KUALA LUMPUR, 13 April — Vilifying legal plastic recyclers in the country along with illegal operators will hurt legitimate businesses and undermine environmental conservation efforts here, said two plastics associations.

The Malaysian Plastics Manufacturers Association (MPMA) and the Malaysian Plastics Recyclers Association (MPRA) said that recent statements universally criticising plastics and recycling were damaging the country's push to develop a circular economy and a comprehensive solution to plastics pollution.

They argued that Malaysia’s multinational and domestic manufacturers are facing tougher sustainability targets in export markets where consumers and governments are putting the circular economy into practice.

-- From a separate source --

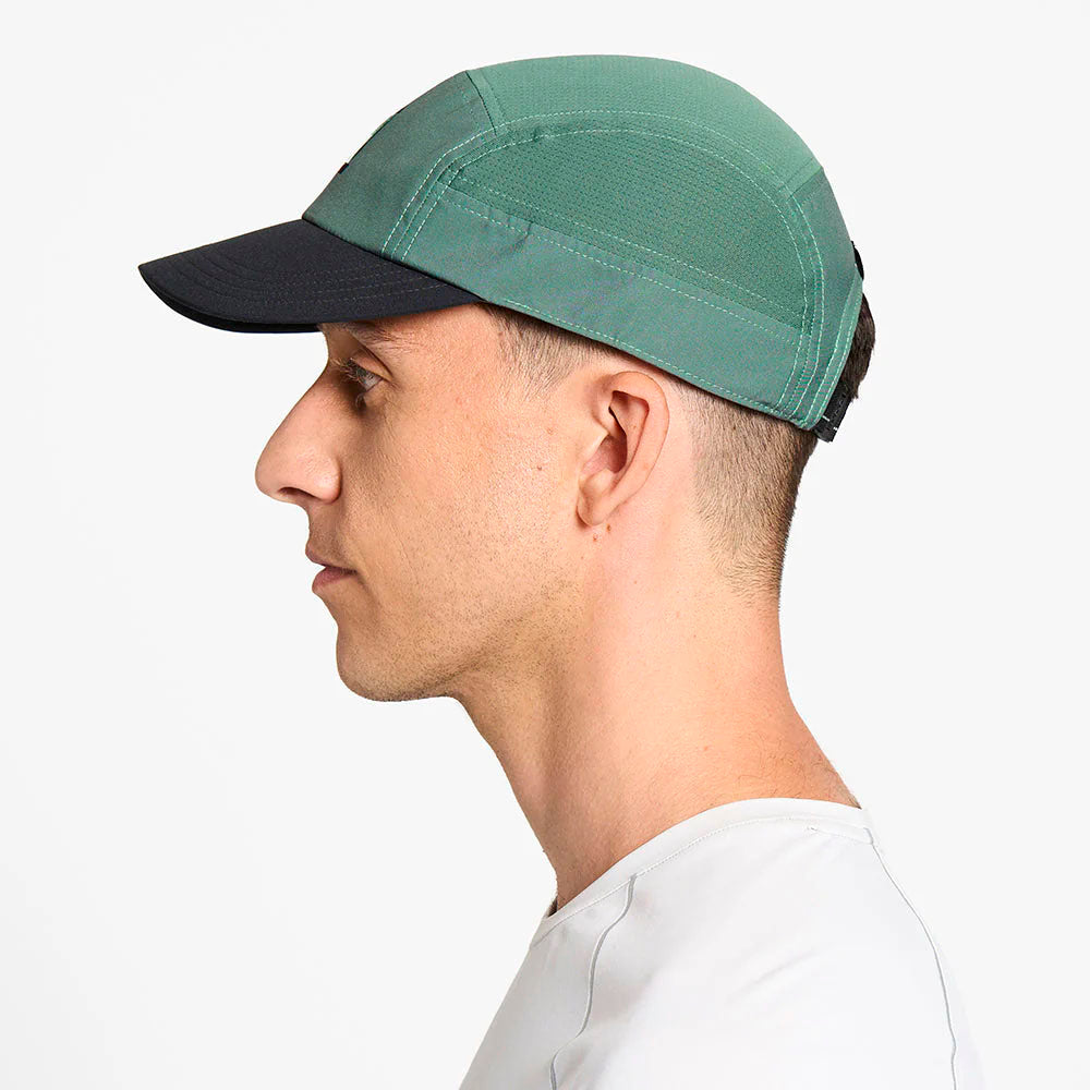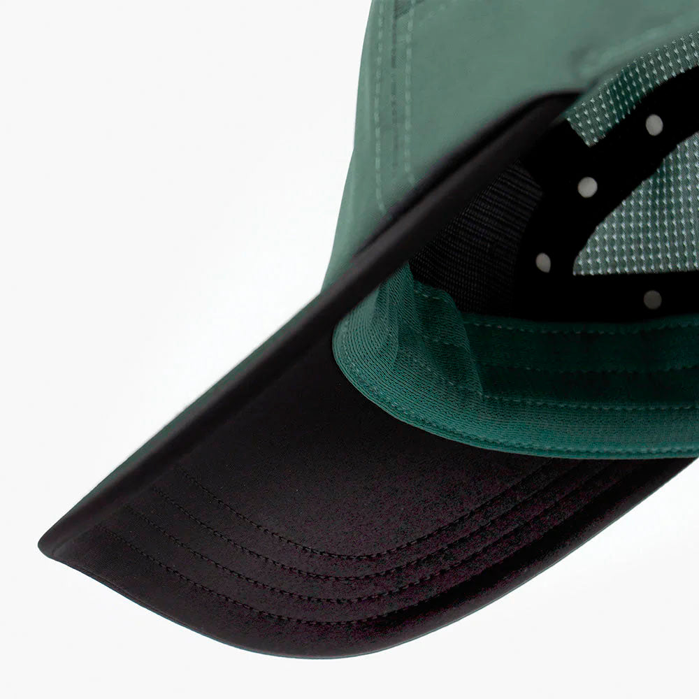 La gorra Ciele GOCap SC Comp C Cube Silver Pine luce una etiqueta reflectante termosellada en el frontal. Esta versión SOFTcurved del modelo Comp acierta con su diseño bicolor y el tejido elástico FLEXweave, que ofrece un ajuste cómodo y protección UPF.

"Legitimate recyclers support the national economy by providing recycled plastics as raw material to sectors such as electrical and electronics, automotive, furniture, food and construction.


"Malaysia must invest in developing a circular economy, to eliminate waste and pollution. Without the recycling sector, the country will not be able to develop into a sustainable economy and create new value to benefit society and the environment," the associations said in a statement.

MPMA and MPRA said that the amended Basel Convention, which came into force on January 1 this year, now regulates transboundary movements of plastic waste from export to import.

"Plastic waste cannot be shipped here from exporting countries without the prior written consent of the Department of Environment (DoE) which is Malaysia’s competent authority for notification.


"Numerous regulatory and enforcement agencies are coordinating their actions to prevent the entry of plastic waste under these new regulations. These include the Customs Department, National Solid Waste Management, port authorities, and Solid Waste Management Agency, among others," they said.

The associations added that the DoE is informed of imports of clean, homogenous plastic scrap material which are properly imported by the legitimate recyclers.

"We have even accepted the imposition of the RM20 per tonne levy to help defray the cost of enforcement including port inspections of containers. This levy is in addition to 18 new stringent rules and regulations which we must comply with.

"We will also continue to support and assist the government in efforts to crack down on unscrupulous and illegal operators, and to protect the environment," they said.

As such, the MPMA and MPRA said that indiscriminately calling for blanket bans delays and obstructs the development of a circular economy and sustainability in Malaysia.

At the end of last month a World Bank report revealed that at least 70 per cent of plastic recycled in the country is estimated to be imported scrap.

The report stated that Malaysian plastic recyclers rely on imported scrap since the material is often cheaper.